• _Problem_:
After finding "Womens Skull Leopard" in the material below, output its line and every line after it through the last, exactly, but not the pictures.

• _Raw data_:

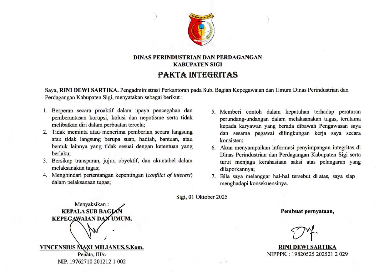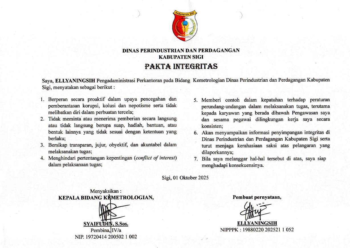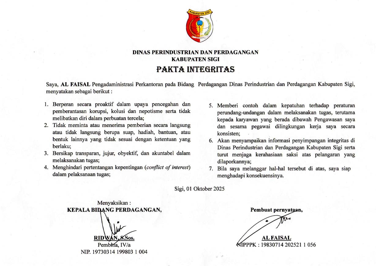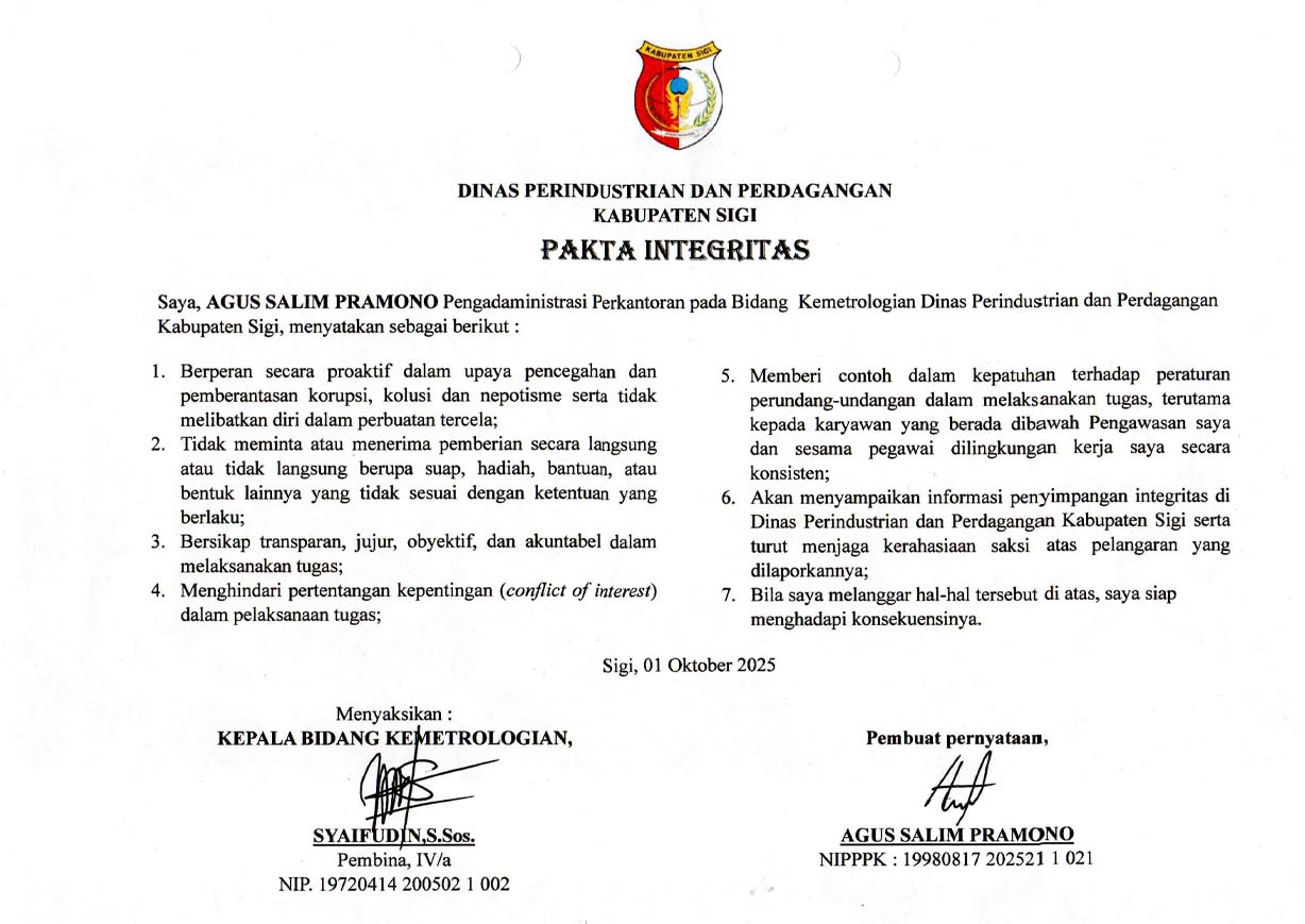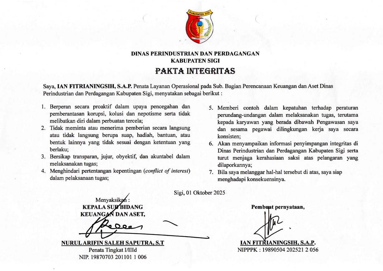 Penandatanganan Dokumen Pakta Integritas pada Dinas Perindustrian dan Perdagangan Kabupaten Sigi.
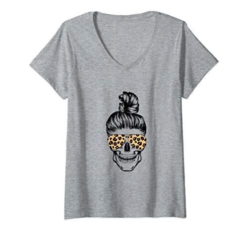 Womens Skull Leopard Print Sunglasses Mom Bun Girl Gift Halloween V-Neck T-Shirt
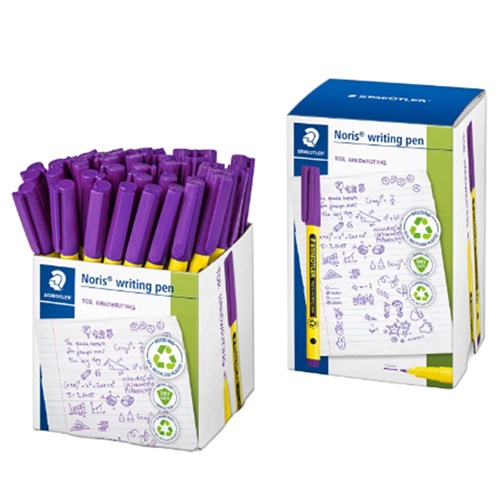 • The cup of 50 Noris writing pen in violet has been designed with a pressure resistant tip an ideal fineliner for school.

• _Completed task_:
 Womens Skull Leopard Print Sunglasses Mom Bun Girl Gift Halloween V-Neck T-Shirt
 • The cup of 50 Noris writing pen in violet has been designed with a pressure resistant tip an ideal fineliner for school.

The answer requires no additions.